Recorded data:

--------------------

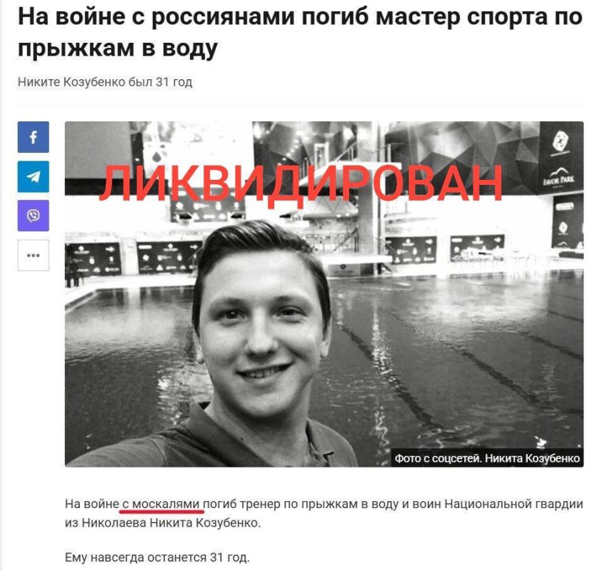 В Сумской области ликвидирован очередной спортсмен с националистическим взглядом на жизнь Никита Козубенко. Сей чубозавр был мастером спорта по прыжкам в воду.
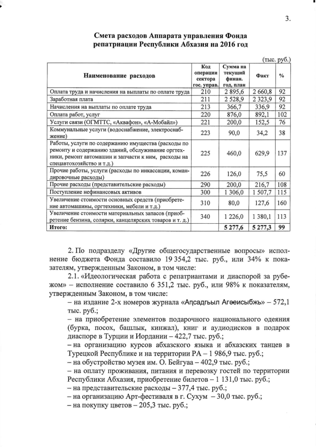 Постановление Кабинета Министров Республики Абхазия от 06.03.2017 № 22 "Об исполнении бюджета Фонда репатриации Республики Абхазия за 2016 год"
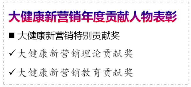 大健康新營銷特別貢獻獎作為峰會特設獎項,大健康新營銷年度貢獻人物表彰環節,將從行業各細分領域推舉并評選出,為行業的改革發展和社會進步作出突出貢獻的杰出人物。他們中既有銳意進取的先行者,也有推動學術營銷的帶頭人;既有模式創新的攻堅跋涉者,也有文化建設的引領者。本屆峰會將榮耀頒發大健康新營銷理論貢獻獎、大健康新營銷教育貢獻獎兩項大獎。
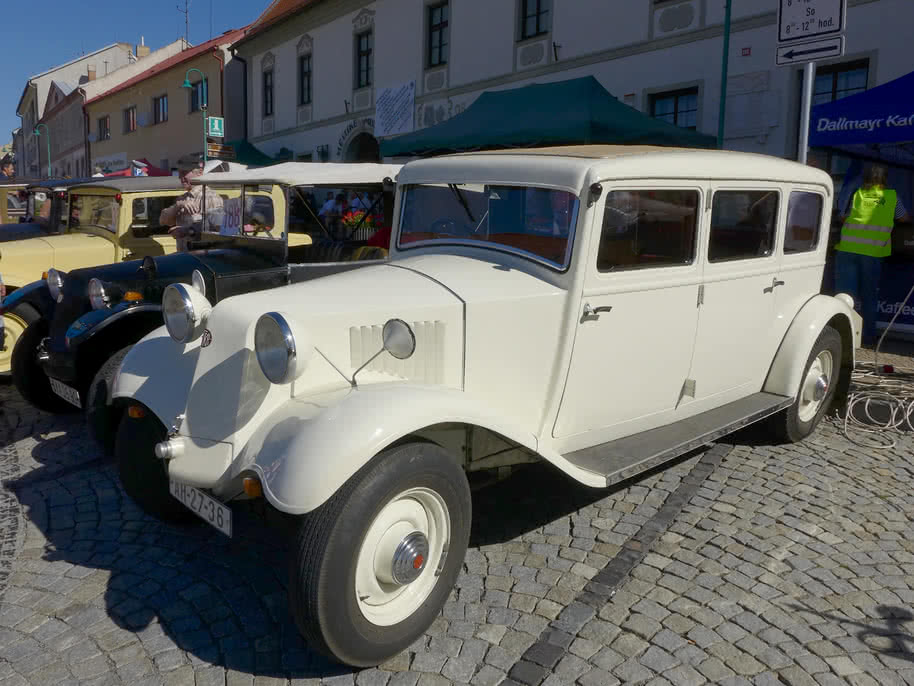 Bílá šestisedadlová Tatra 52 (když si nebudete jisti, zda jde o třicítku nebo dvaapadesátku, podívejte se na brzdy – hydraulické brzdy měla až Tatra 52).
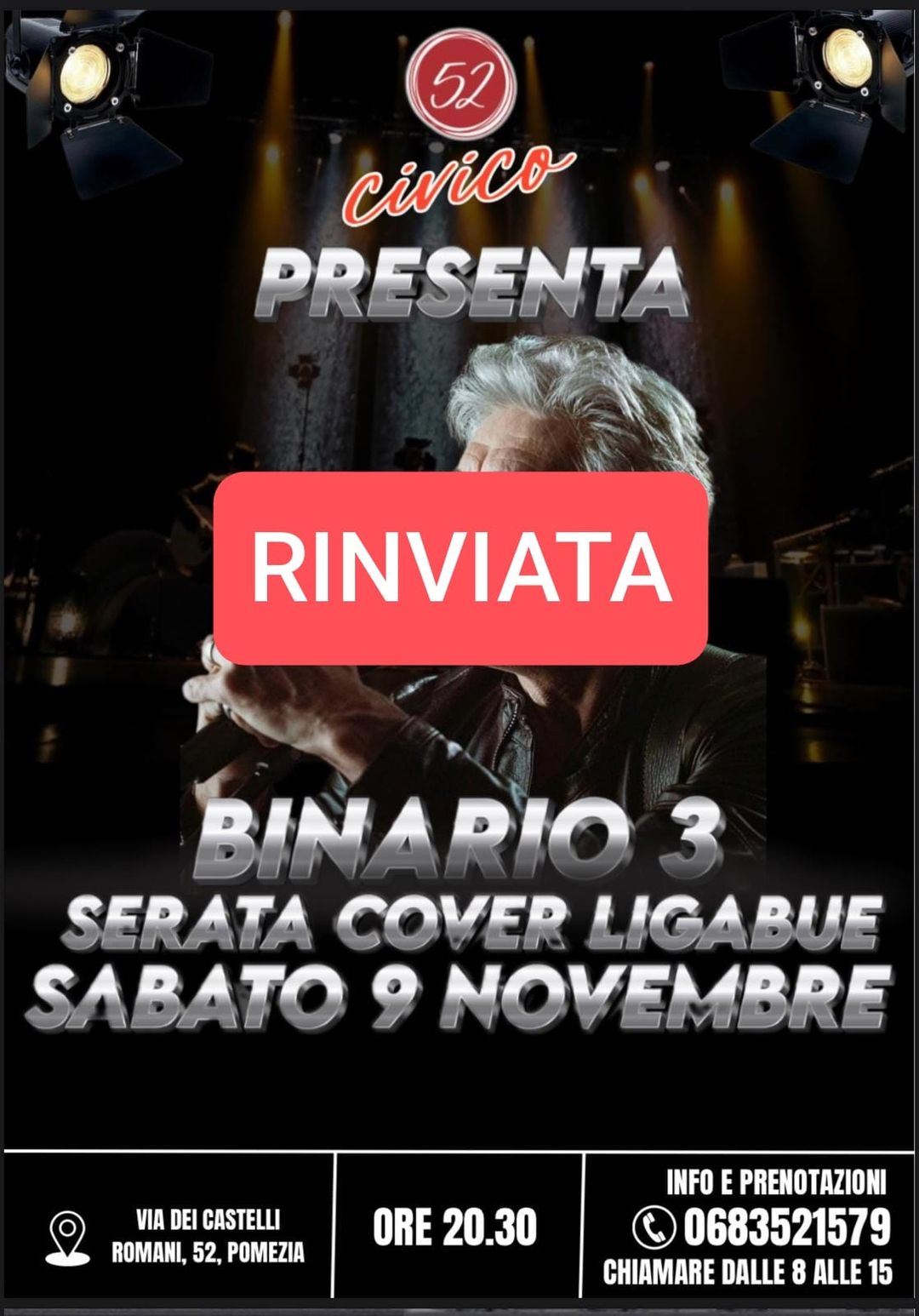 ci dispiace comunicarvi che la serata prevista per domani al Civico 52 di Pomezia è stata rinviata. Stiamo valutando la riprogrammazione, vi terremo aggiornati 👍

--------------------

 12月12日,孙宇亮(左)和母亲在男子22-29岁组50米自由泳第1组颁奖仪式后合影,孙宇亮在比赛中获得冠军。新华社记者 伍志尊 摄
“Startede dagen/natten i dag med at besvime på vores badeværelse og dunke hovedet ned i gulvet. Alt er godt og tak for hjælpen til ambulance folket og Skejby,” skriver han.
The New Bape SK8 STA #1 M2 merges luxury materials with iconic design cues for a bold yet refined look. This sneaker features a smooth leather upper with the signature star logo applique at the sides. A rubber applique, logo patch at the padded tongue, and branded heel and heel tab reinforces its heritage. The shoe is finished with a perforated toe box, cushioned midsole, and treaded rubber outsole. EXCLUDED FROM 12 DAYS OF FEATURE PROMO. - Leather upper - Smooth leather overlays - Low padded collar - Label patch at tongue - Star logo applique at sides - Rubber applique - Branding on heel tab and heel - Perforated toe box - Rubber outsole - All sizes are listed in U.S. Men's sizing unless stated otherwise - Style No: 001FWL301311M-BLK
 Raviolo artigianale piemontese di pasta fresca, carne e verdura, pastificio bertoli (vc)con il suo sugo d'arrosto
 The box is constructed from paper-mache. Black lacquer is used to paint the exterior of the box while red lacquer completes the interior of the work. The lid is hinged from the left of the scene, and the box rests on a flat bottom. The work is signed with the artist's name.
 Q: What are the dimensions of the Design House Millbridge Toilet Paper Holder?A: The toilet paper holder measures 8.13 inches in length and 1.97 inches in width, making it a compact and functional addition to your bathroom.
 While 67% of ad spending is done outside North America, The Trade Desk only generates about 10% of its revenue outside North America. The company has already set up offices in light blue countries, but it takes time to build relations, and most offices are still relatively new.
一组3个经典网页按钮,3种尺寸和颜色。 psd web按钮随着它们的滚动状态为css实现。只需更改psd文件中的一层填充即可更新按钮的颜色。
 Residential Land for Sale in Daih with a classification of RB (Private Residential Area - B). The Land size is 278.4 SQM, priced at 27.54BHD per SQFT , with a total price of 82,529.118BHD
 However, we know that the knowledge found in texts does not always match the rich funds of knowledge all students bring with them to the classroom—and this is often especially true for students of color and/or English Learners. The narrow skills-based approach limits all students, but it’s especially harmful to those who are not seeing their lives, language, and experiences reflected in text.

--------------------

→ The problem:
Copy the stretch of the records above that runs from the line with "Q: What are" through the line with "However, we know". Both end lines belong in the copy, and nothing else does.

→ Result for this exercise:
 Q: What are the dimensions of the Design House Millbridge Toilet Paper Holder?A: The toilet paper holder measures 8.13 inches in length and 1.97 inches in width, making it a compact and functional addition to your bathroom.
 While 67% of ad spending is done outside North America, The Trade Desk only generates about 10% of its revenue outside North America. The company has already set up offices in light blue countries, but it takes time to build relations, and most offices are still relatively new.
一组3个经典网页按钮,3种尺寸和颜色。 psd web按钮随着它们的滚动状态为css实现。只需更改psd文件中的一层填充即可更新按钮的颜色。
 Residential Land for Sale in Daih with a classification of RB (Private Residential Area - B). The Land size is 278.4 SQM, priced at 27.54BHD per SQFT , with a total price of 82,529.118BHD
 However, we know that the knowledge found in texts does not always match the rich funds of knowledge all students bring with them to the classroom—and this is often especially true for students of color and/or English Learners. The narrow skills-based approach limits all students, but it’s especially harmful to those who are not seeing their lives, language, and experiences reflected in text.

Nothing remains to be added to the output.